The Ghana Coalition Against Illegal Mining has delivered a searing call to President John Dramani Mahama to act with urgency and courage in halting what it calls an “ecocidal genocide” devastating Ghana’s land, water and people.

The coalition, representing a broad alliance of civil society organisations, presented its statement to the President during a meeting with CSOs at the Jubilee House on Friday, October 3, 2025. Their message was clear: the galamsey menace has gone beyond being an environmental problem; it has become a full-blown public health emergency, a human rights violation and a national security threat.

Drawing on hard scientific evidence, the group cited findings from the Mercury and Heavy Metals Impact Assessment conducted by Pure Earth and the Environmental Protection Agency (EPA), alongside testimony by the UN Special Rapporteur on Toxic Substances in 2023.

These reports, they said, provide “an irrefutable and alarming body of evidence” that Ghana is poisoning itself through unchecked illegal mining.
The assessment revealed mercury concentrations in Konongo Zongo soil at 56.40 ppm — more than 560 percent above the safety threshold.
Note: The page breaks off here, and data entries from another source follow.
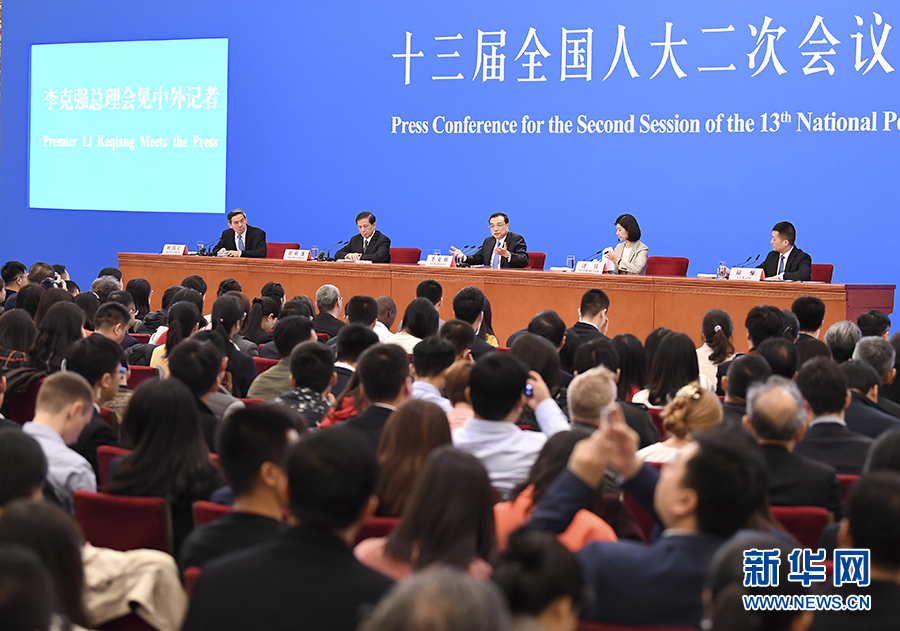 3月15日,國務(wù)院總理李克強在北京人民大會堂會見采訪十三屆全國人大二次會議的中外記者并答記者問。 新華社記者 燕雁 攝
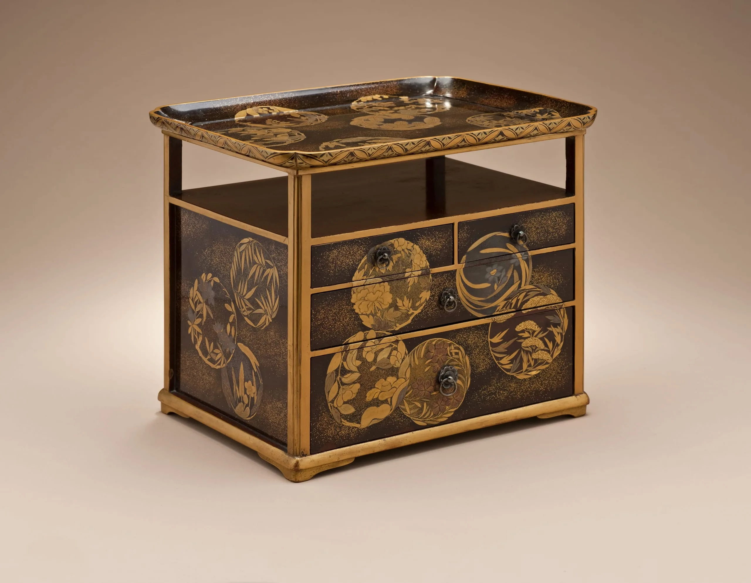 - Lacquer with gold-sprinkled design (maki-e) and metal fittings
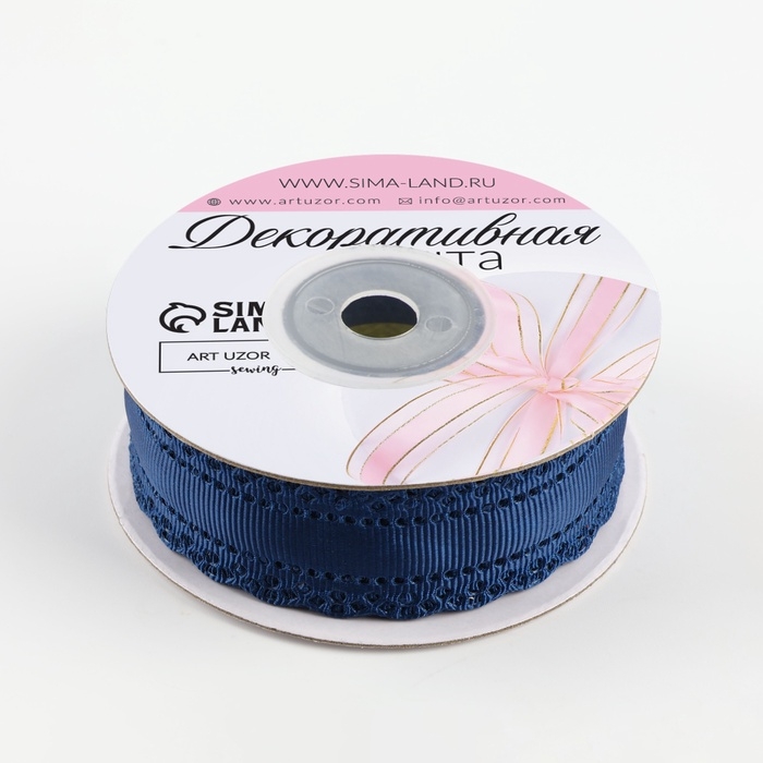 Лента декоративная, репсовая, с ажурным краем, 25 мм × 9,1 ± 0,5 м, цвет тёмно-синий
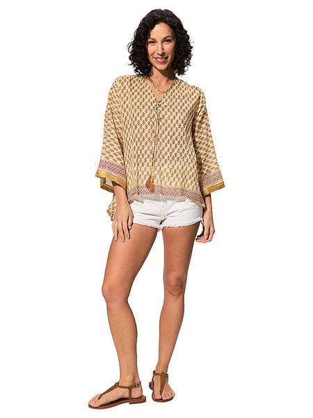 – czysta bawełna- dekolt: V- krój rękawów: rozszerzany do dołu- detale: ozdobne wiązanie- krój: dłuższe plecy- wzór: na całościWskazówka: Na metkach odzieży tej marki znajdują się rozmiary francuskie. Rozmiarówka została przez nas przeliczona. Podane do wyboru warianty rozmiarów odpowiadają standardowym europejskim rozmiarom konfekcji. Prosimy zapoznać się z zamieszczonym objaśnieniem rozmiarów.
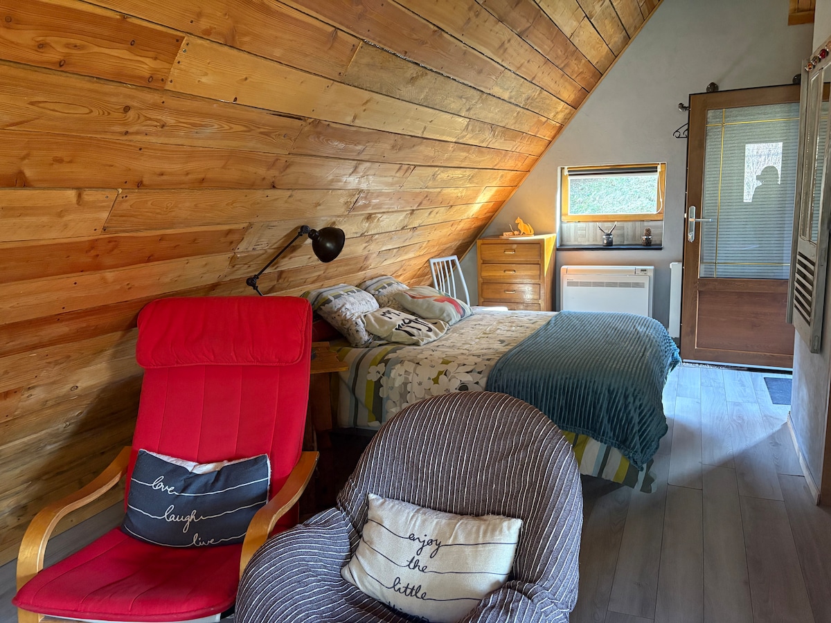 Intimité assurée avec cette sympathique chambre indépendante, bien isolée du reste de la maison, avec entrée commune qui dessert la chambre, la salle de bain, et les wc qui sont cela dit privatifs. Même si quelques jours sont indisponibles, on peut tout de même trouver des solutions intéressantes pour vous. Lit 2 places Bouilloire Micro onde Réfrigérateur TV Wifi Si le séjour dure plusieurs jours possibilité de laver du linge. Eventuellement un accés garage pour les motos ou vélos
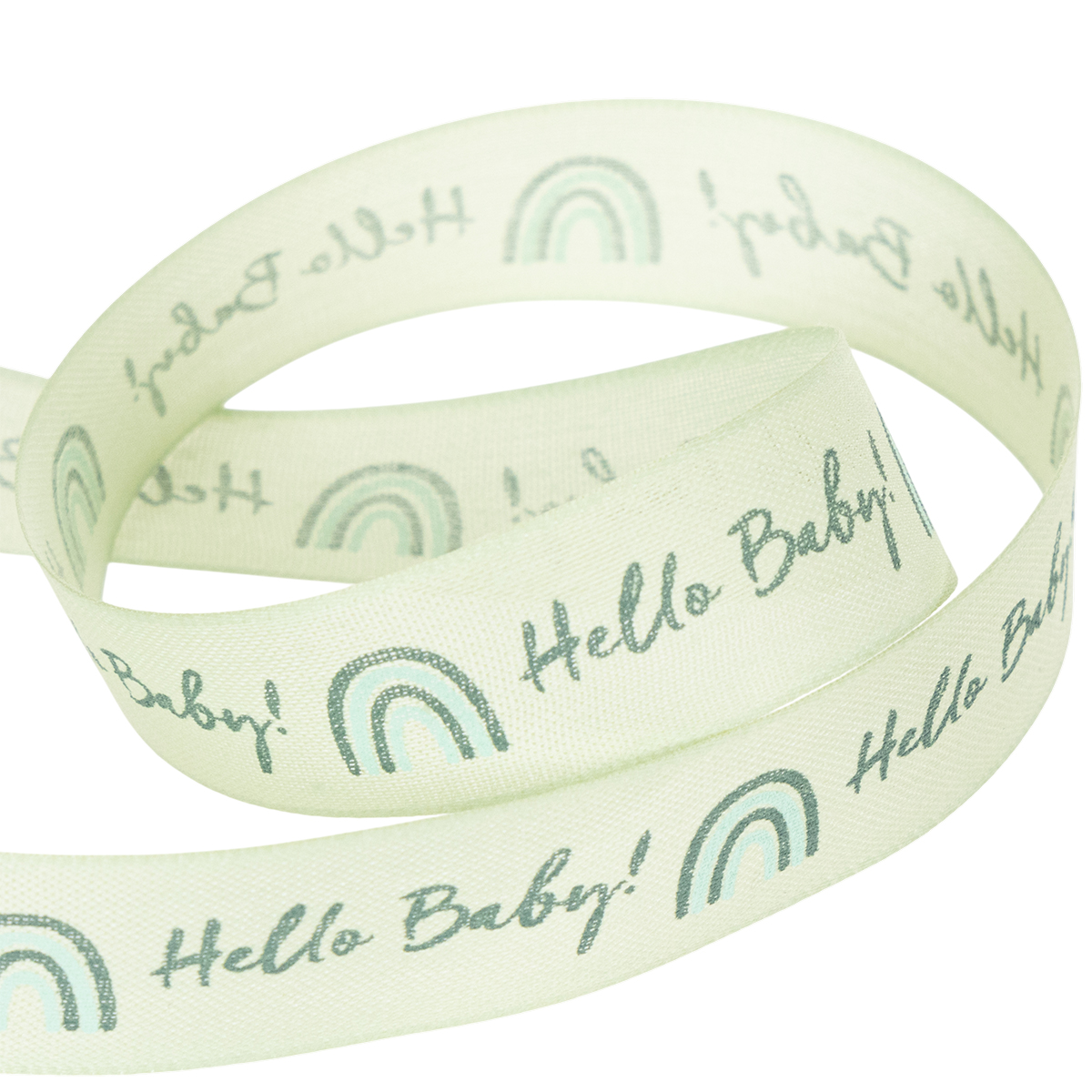 “Hello Baby!”, het cadeaulint verwelkomt je kleine nieuwkomer. Het pastelgroene sierlint kondigt het goede nieuws aan met mooie letters en is geschikt om te versieren, te geven en te knutselen!

Arsenic contamination in the same community hit 10,060 ppm, exceeding permissible playground limits by over 400 times.

Even more alarming, water sources in Konongo Odumase contained arsenic levels 330 times above Ghana’s national limit. “This is a nation poisoning its own life-support systems,” the coalition stated.
The consequences are already visible in human lives. The coalition highlighted children diagnosed with kidney disorders, mercury pellets lodged in their bodies, and research linking hundreds of spontaneous abortions to placental contamination.

Mercury’s neurotoxic effects, they warned, are impairing the cognitive development of Ghanaian children — a generational loss that cannot be undone.
The devastation extends to agriculture and food systems. Over 1.2 million hectares of farmland have been destroyed, displacing more than half a million farmers and undermining food security. “From kontomire to tubers, the very crops we grow are becoming vectors of toxic metals,” the coalition warned.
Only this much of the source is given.